▶ **RECORDS FOR THE EXERCISE**:
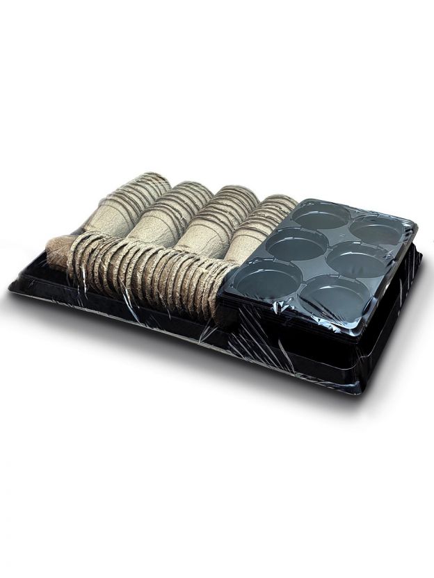 - Универсальный набор: 60 торфяных горшков, 3 поддона и 5 кассет — всё для полноценного выращивания рассады.
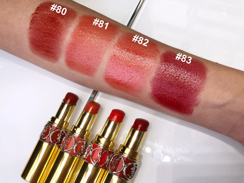 還有蕃茄紅色系4色:NO 80 CHILI TUNIQUE火辣激吻、NO 81 CORAL AVIATOR 陽光擁吻、NO 82 ORANGE CRÊPE 蜜桃甜吻、NO 83 ROUGE CAPE 熱烙唇印
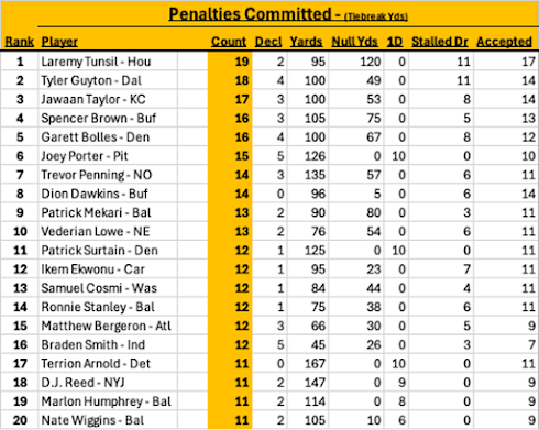 Twenty-two times yesterday the officials stopped game because of penalties. Do the players not understand the rules? Are players just undisciplined? Do they care? See below. This chart shows penalties called last year by the top offenders. Maddening!
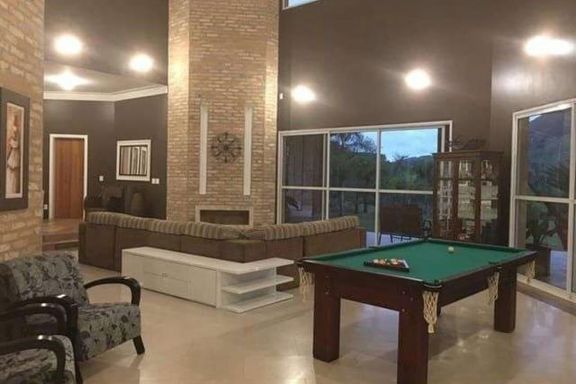Com uma área total de 28.000 m² e uma casa principal de 800 m² com arquitetura rústica e sofisticada, esta propriedade é um refúgio encantador. A casa dispõe de 5 suítes confortáveis, uma ampla sala de estar com lareira, sala de TV equipada com parabólica (opção de recarga Claro), e uma cozinha grande e completa, equipada com fogão, dois fornos, geladeira “Bay Side', micro-ondas e todos os utensílios necessários.
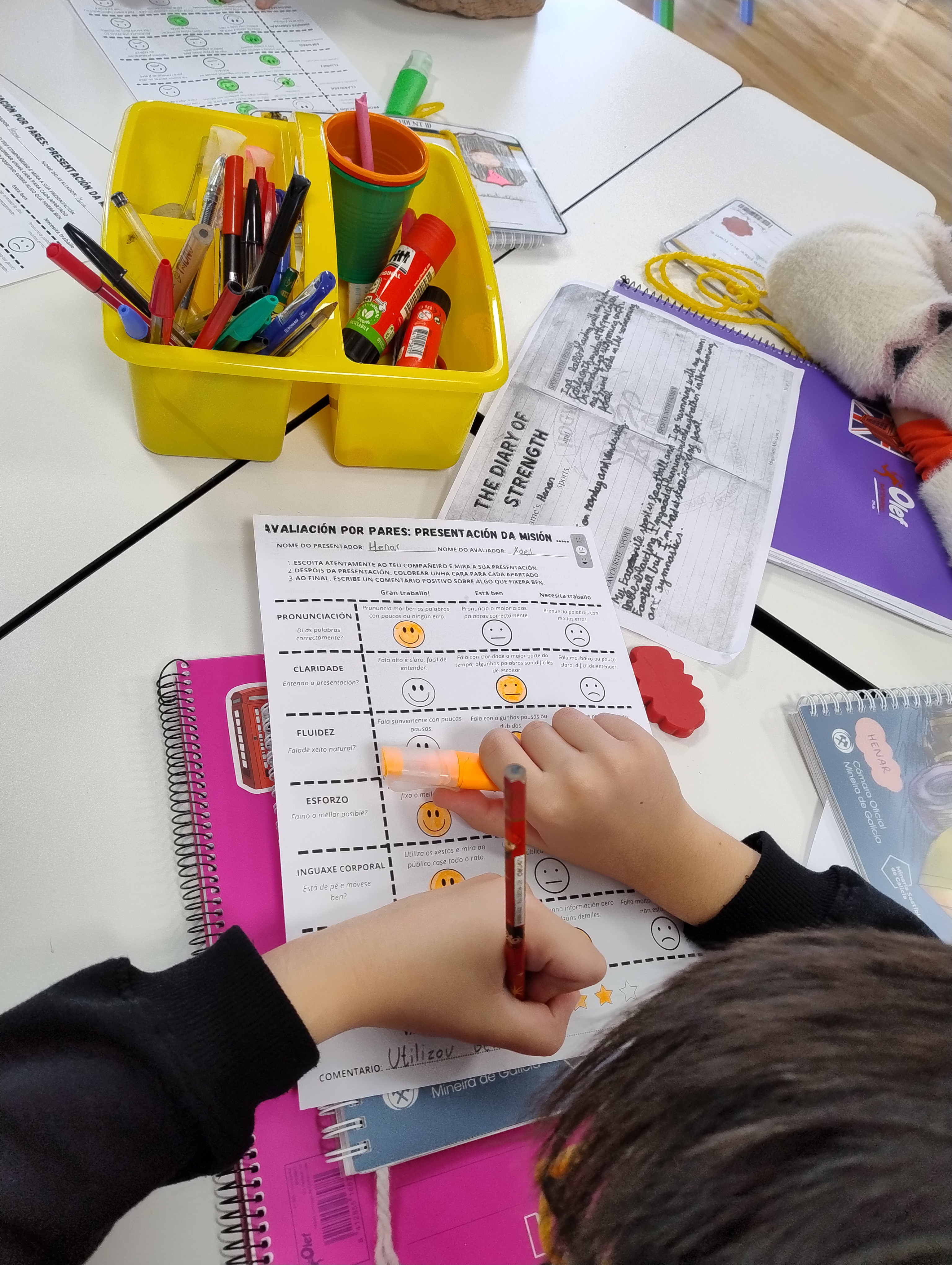 - Presentación: Finalmente, compartimos os nosos diarios coa clase entera. Todos fixeron un traballo marabilloso falando en inglés e compartindo as súas reflexións!
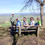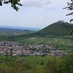 Zunächst ging es noch gemütlich durch die Weinberge, bevor der knackige Anstieg zum Schillingskreuz hoch folgte. Nach dieser Anstrengung mussten wir uns erst einmal eine kurze Rast mit leiblicher Stärkung gönnen. Auf dem Bergkamm zwischen Erms- und Neuffener Tal liefen wir durch den wunderbar ergrünten Buchenwald Richtung Dettinger Hörnle, das mit 707 Metern der höchste Punkt auf der Tour war. Auf dieser Strecke genossen wir immer wieder tolle Ausblicke rechter Hand auf die Burg Hohenneuffen sowie linker Hand bis nach Reutlingen. Angekommen auf dem Jusi, dem höchsten Schlot des vor 17 Millionen Jahren ausgebrochenen Schwäbischen Vulkans, waren wir von dem vor uns liegenden Panorama, das vom Stuttgarter Flughafen über Nürtingen bis zu unseren Drei-Kaiserbergen reichte, überwältigt. Nach einem alpinen Abstieg nach Kohlberg gingen wir gemütlich durch Streuobstwiesen zurück.
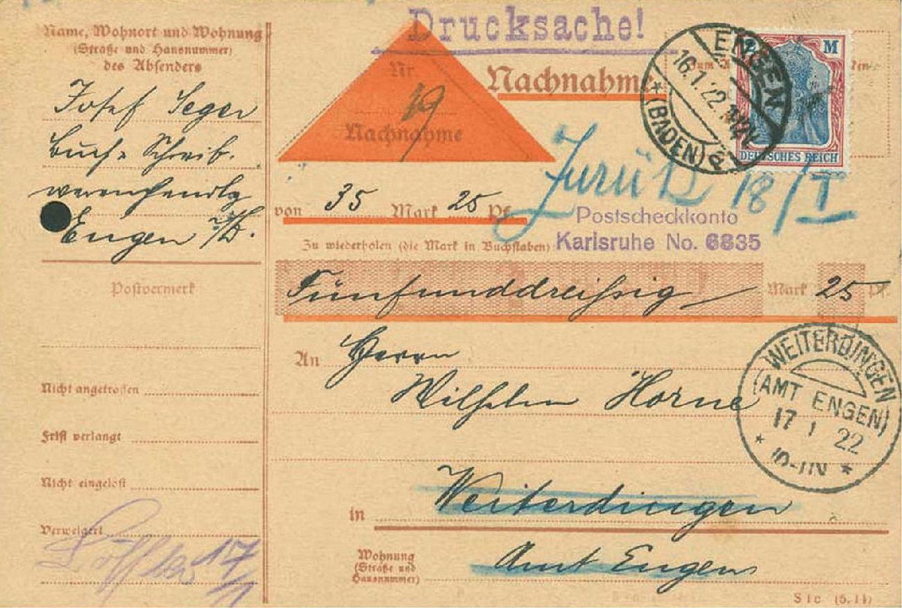 Der Adressat in Weiterdingen verweigerte die Zahlung in Höhe von 35,25 Mark.
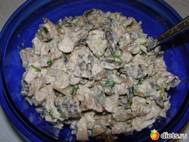 порезать куриное филе на маленькие кубики, добавить охлажденные грибы с луком и порезанный на кусочки белковый блин. заправить смесь готовой заправкой и убрать в холодильник на несколько часов для пропитки!
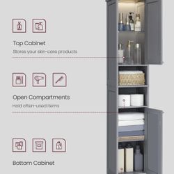 Tall Storage Cabinet with Lights, Slim Freestanding Cabinet with Adjustable Shelves, for Small Spaces, Bathroom, Living Room, Modern, 11.8 Inches Wide$50Ontario, CA
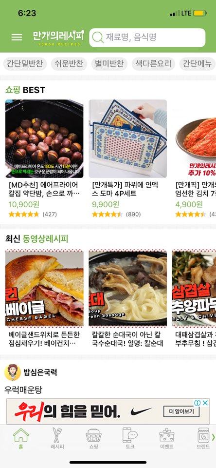 이 만개의 레시피는 이름처럼 주로 음식 레시피를 사진, 동영상과 함께 상세히 알려주는 어플이에요
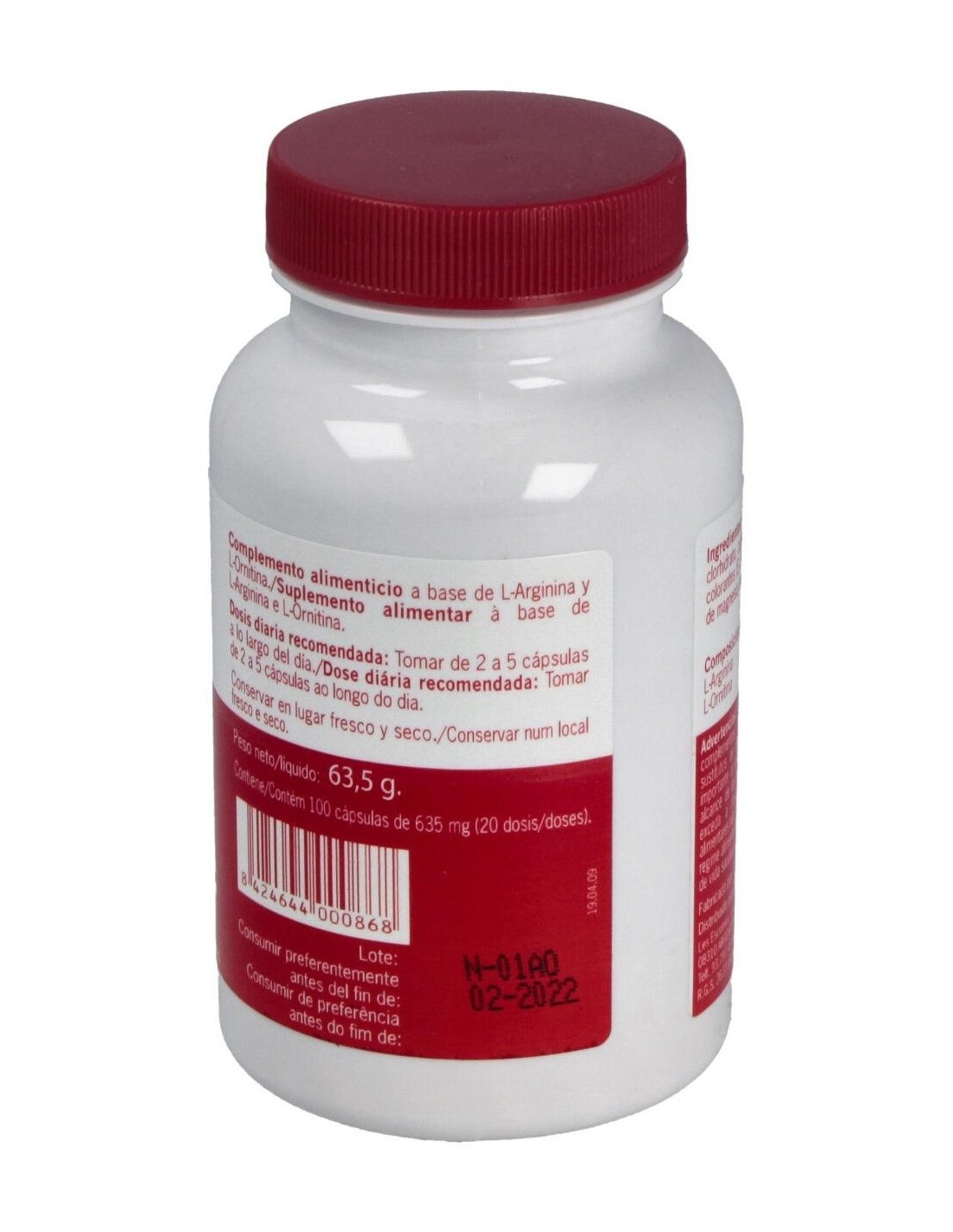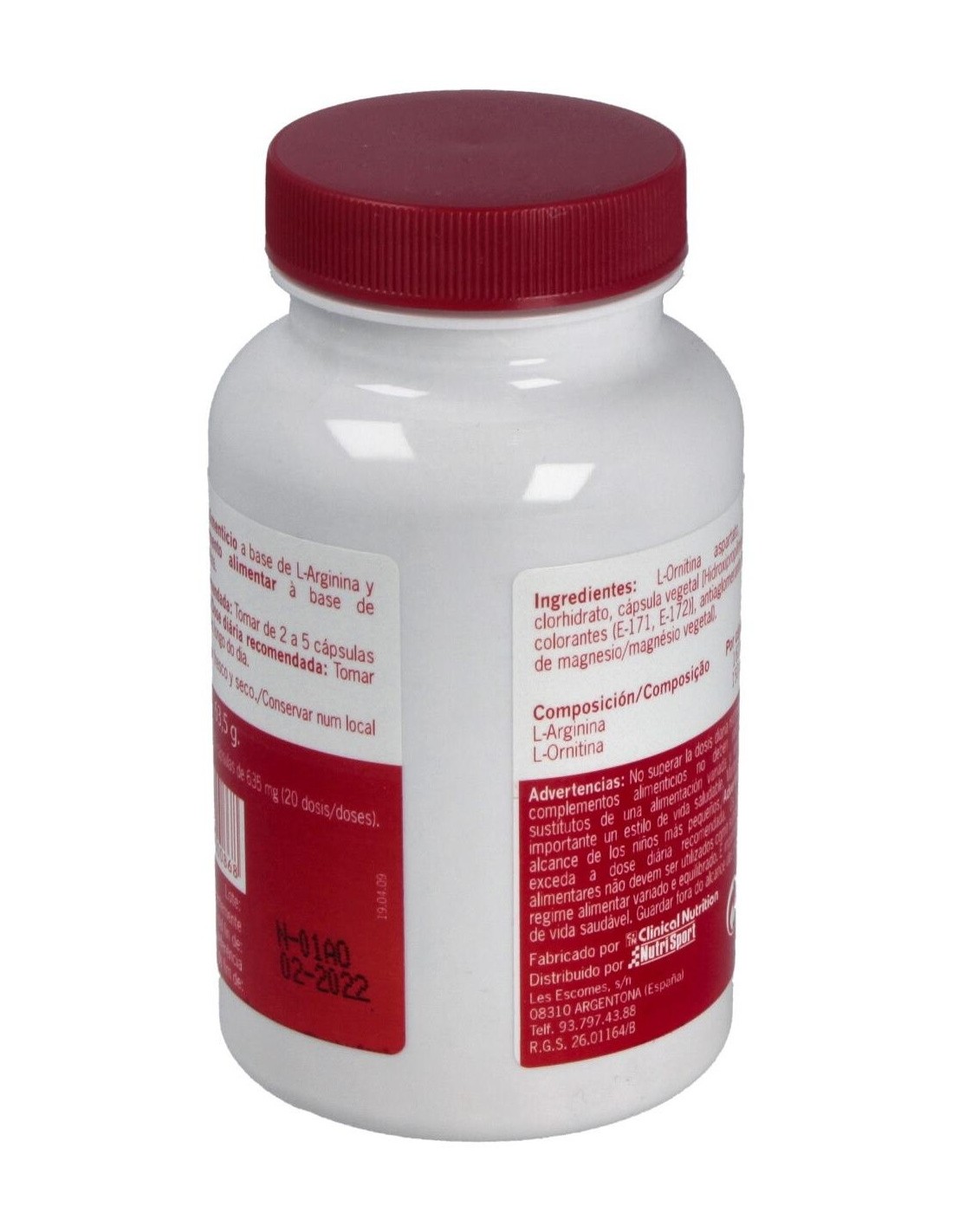 L-Arginina, L-Ornitina, Cápsula de gelatina [gelatina, colorante (E-171, E-110, E-104)], antiaglomerante (Estearato de Magnesio).

▶ **EXERCISE GOAL**: All of the data above needs to be given again exactly. Leave out each image.

▶ **EXERCISE RESULT**:
 - Универсальный набор: 60 торфяных горшков, 3 поддона и 5 кассет — всё для полноценного выращивания рассады.
 還有蕃茄紅色系4色:NO 80 CHILI TUNIQUE火辣激吻、NO 81 CORAL AVIATOR 陽光擁吻、NO 82 ORANGE CRÊPE 蜜桃甜吻、NO 83 ROUGE CAPE 熱烙唇印
 Twenty-two times yesterday the officials stopped game because of penalties. Do the players not understand the rules? Are players just undisciplined? Do they care? See below. This chart shows penalties called last year by the top offenders. Maddening!
Com uma área total de 28.000 m² e uma casa principal de 800 m² com arquitetura rústica e sofisticada, esta propriedade é um refúgio encantador. A casa dispõe de 5 suítes confortáveis, uma ampla sala de estar com lareira, sala de TV equipada com parabólica (opção de recarga Claro), e uma cozinha grande e completa, equipada com fogão, dois fornos, geladeira “Bay Side', micro-ondas e todos os utensílios necessários.
 - Presentación: Finalmente, compartimos os nosos diarios coa clase entera. Todos fixeron un traballo marabilloso falando en inglés e compartindo as súas reflexións!
 Zunächst ging es noch gemütlich durch die Weinberge, bevor der knackige Anstieg zum Schillingskreuz hoch folgte. Nach dieser Anstrengung mussten wir uns erst einmal eine kurze Rast mit leiblicher Stärkung gönnen. Auf dem Bergkamm zwischen Erms- und Neuffener Tal liefen wir durch den wunderbar ergrünten Buchenwald Richtung Dettinger Hörnle, das mit 707 Metern der höchste Punkt auf der Tour war. Auf dieser Strecke genossen wir immer wieder tolle Ausblicke rechter Hand auf die Burg Hohenneuffen sowie linker Hand bis nach Reutlingen. Angekommen auf dem Jusi, dem höchsten Schlot des vor 17 Millionen Jahren ausgebrochenen Schwäbischen Vulkans, waren wir von dem vor uns liegenden Panorama, das vom Stuttgarter Flughafen über Nürtingen bis zu unseren Drei-Kaiserbergen reichte, überwältigt. Nach einem alpinen Abstieg nach Kohlberg gingen wir gemütlich durch Streuobstwiesen zurück.
 Der Adressat in Weiterdingen verweigerte die Zahlung in Höhe von 35,25 Mark.
 порезать куриное филе на маленькие кубики, добавить охлажденные грибы с луком и порезанный на кусочки белковый блин. заправить смесь готовой заправкой и убрать в холодильник на несколько часов для пропитки!
 Tall Storage Cabinet with Lights, Slim Freestanding Cabinet with Adjustable Shelves, for Small Spaces, Bathroom, Living Room, Modern, 11.8 Inches Wide$50Ontario, CA
 이 만개의 레시피는 이름처럼 주로 음식 레시피를 사진, 동영상과 함께 상세히 알려주는 어플이에요
 L-Arginina, L-Ornitina, Cápsula de gelatina [gelatina, colorante (E-171, E-110, E-104)], antiaglomerante (Estearato de Magnesio).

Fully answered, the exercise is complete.